若要在网站和浏览器扩展中利用 AI 功能，还可以使用以下方法：

将网络请求发送到基于云的 AI 服务，例如 Azure AI 解决方案。
使用 Web 神经网络 (WebNN) API 或 ONNX Runtime for Web 运行本地 AI 模型。

提示 API 使用在同一设备上运行的 SLM，该设备使用模型的输入和输出 (即本地) 。与基于云的解决方案相比，这具有以下优势：

降低成本：使用云 AI 服务无需任何成本。
网络独立性：除了初始模型下载之外，提示模型时没有网络延迟，也可以在设备脱机时使用。
改进了隐私：模型的数据输入永远不会离开设备，也不会收集这些数据来训练 AI 模型。

提示 API 使用由 Microsoft Edge 提供并内置于浏览器中的模型，该模型与自定义本地解决方案（例如基于 WebGPU、WebNN 或 WebAssembly 的解决方案）具有其他优势：

共享一次性成本：首次调用 API 并在浏览器中运行的所有网站之间共享 API 时下载浏览器提供的模型，从而降低了用户和开发人员的网络成本。
简化 Web 开发人员的用法：内置模型可以使用简单的 Web API 来运行，不需要 AI/ML 专业知识或使用第三方框架。

Phi-4-mini 模型

提示 API 允许提示 Phi-4-mini，这是一种功能强大的小型语言模型，可擅长于基于文本的任务，内置于 Microsoft Edge 中。若要了解有关 Phi-4-mini 及其功能的详细信息，请参阅 microsoft/Phi-4-mini-指令中的模型卡。

免责声明

与其他语言模型一样，Phi 系列模型的行为方式可能不公平、不可靠或冒犯性。若要详细了解模型的 AI 注意事项，请参阅负责任的 AI 注意事项。

硬件要求

提示 API 开发人员预览版适用于具有硬件功能的设备，这些设备可生成具有可预测的质量和延迟的 SLM 输出。提示 API 当前仅限于：

作系统：Windows 10 或 11 以及 macOS 13.3 或更高版本。
存储： 包含 Edge 配置文件的卷上至少有 20 GB 可用。如果可用存储空间低于 10 GB，则将删除该模型，以确保其他浏览器功能有足够的空间正常运行。
GPU： 5.5 GB 或更多 VRAM。
网络： 无限制的数据计划或非计量连接。如果使用按流量计费的连接，则不会下载模型。

若要检查设备是否支持提示 API 开发人员预览版，请参阅下面的启用提示 API 并检查设备性能类。

由于提示 API 的实验性质，你可能会发现特定硬件配置存在问题。如果发现特定硬件配置存在问题，请在 MSEdgeExplainers 存储库中打开新问题来提供反馈。

模型可用性

网站首次调用内置 AI API 时，需要初始下载模型。创建新的提示 API 会话时，可以使用监视器选项监视模型下载。若要了解详细信息，请参阅下面的监视模型下载进度。

启用提示 API

若要在 Microsoft Edge 中使用提示 API，请执行以下作：

请确保使用最新版本的 Microsoft Edge Canary 或 Dev (版本 138.0.3309.2 或更高版本) 。请参阅成为Microsoft Edge 预览体验成员。
在 Microsoft Edge Canary 或 Dev 中，打开一个新选项卡或窗口，然后转到 edge://flags/。
在搜索框中，在页面顶部，输入 “Phi mini 的提示 API”。

筛选页面以显示匹配标志。
在 “适用于 Phi mini 的提示 API”下，选择“ 已启用”：
（可选）若要在本地记录可能对调试问题有用的信息，还可以启用 “启用设备 AI 模型调试日志” 标志。
Microsoft Edge Canary 或 Dev 重启。
若要检查设备是否满足提示 API 开发人员预览版的硬件要求，请打开新选项卡，转到 edge://on-device-internals，然后检查设备性能类值。

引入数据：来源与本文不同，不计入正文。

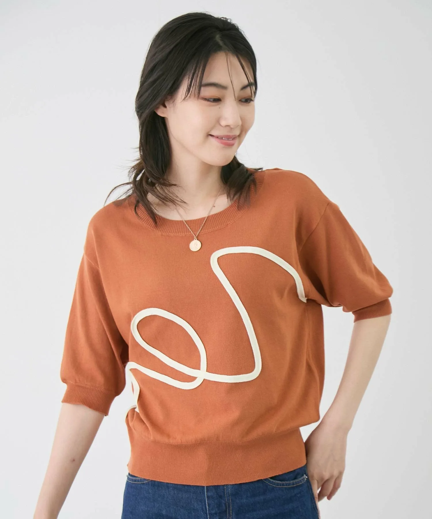 Волнообразный узор, созданный с помощью вязаной ленты из того же материала, добавляет визуальный акцент этому изделию.

如果设备性能类为 “高 ”或“更高”，则设备上应支持提示 API。如果仍然注意到问题，请在 MSEdgeExplainers 存储库中创建新问题。

查看工作示例

若要查看作中的提示 API，并查看使用 API 的现有代码，请执行以下作：

如上所述，启用提示 API。
在 Microsoft Edge Canary 或 Dev 浏览器中，打开选项卡或窗口并转到内置 AI场。
在左侧导航下，单击“ 提示”。
在顶部的信息横幅中，检查状态：它最初读取模型下载，请稍候：

下载模型后，信息横幅将读取 API 和模型就绪，指示可以使用 API 和模型：

如果模型下载未启动，请重启Microsoft Edge，然后重试。

仅在满足某些硬件要求的设备上支持提示 API。有关详细信息，请参阅上面的硬件要求。
使用提供的默认提示和设置值，或者通过更改 用户提示、 系统提示、 响应约束架构、 N 次提示指令、 TopK 或 Temperature 等值来修改它们。
单击页面底部的 “提示” 按钮。

响应在页面的响应部分中生成：
若要停止生成响应，请随时单击“ 停止 ”按钮。

若要查看 Prompt API场的源代码，请参阅 GitHub 上的 MicrosoftEdge/Demos 存储库。

使用提示 API

检查 API 是否已启用

在网站或扩展的代码中使用 API 之前，检查通过测试对象的存在来启用 APILanguageModel：

if (!LanguageModel) {
  // The Prompt API is not available.
} else {
  // The Prompt API is available.
}

检查是否可以使用模型

仅当设备支持运行模型，并且语言模型和模型运行时已由 Microsoft Edge 下载后，才能使用提示 API。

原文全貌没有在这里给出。